**DATA SUPPLIED:**
----

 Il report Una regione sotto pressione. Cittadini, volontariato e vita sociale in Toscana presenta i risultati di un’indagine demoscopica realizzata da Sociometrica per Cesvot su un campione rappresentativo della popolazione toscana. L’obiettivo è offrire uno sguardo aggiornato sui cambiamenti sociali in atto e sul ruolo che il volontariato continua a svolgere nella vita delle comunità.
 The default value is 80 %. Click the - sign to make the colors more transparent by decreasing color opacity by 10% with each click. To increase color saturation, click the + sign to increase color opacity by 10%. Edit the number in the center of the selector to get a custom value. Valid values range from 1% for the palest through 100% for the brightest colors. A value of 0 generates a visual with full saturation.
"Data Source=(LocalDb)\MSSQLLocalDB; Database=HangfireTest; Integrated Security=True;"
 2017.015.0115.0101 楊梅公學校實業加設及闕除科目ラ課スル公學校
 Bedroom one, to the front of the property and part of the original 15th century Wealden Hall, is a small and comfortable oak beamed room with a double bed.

----

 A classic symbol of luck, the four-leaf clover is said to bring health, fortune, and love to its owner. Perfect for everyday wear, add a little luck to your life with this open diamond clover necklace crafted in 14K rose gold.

----

**WHAT IS BEING ASKED:**
Send back an exact copy of only the lines from the line with "Source=(LocalDb)\MSSQLLocalDB; Database=HangfireTest; Integrated" up to and including the line with "Bedroom one, to" in the data above.

**SOLUTION TO THIS EXERCISE:**
"Data Source=(LocalDb)\MSSQLLocalDB; Database=HangfireTest; Integrated Security=True;"
 2017.015.0115.0101 楊梅公學校實業加設及闕除科目ラ課スル公學校
 Bedroom one, to the front of the property and part of the original 15th century Wealden Hall, is a small and comfortable oak beamed room with a double bed.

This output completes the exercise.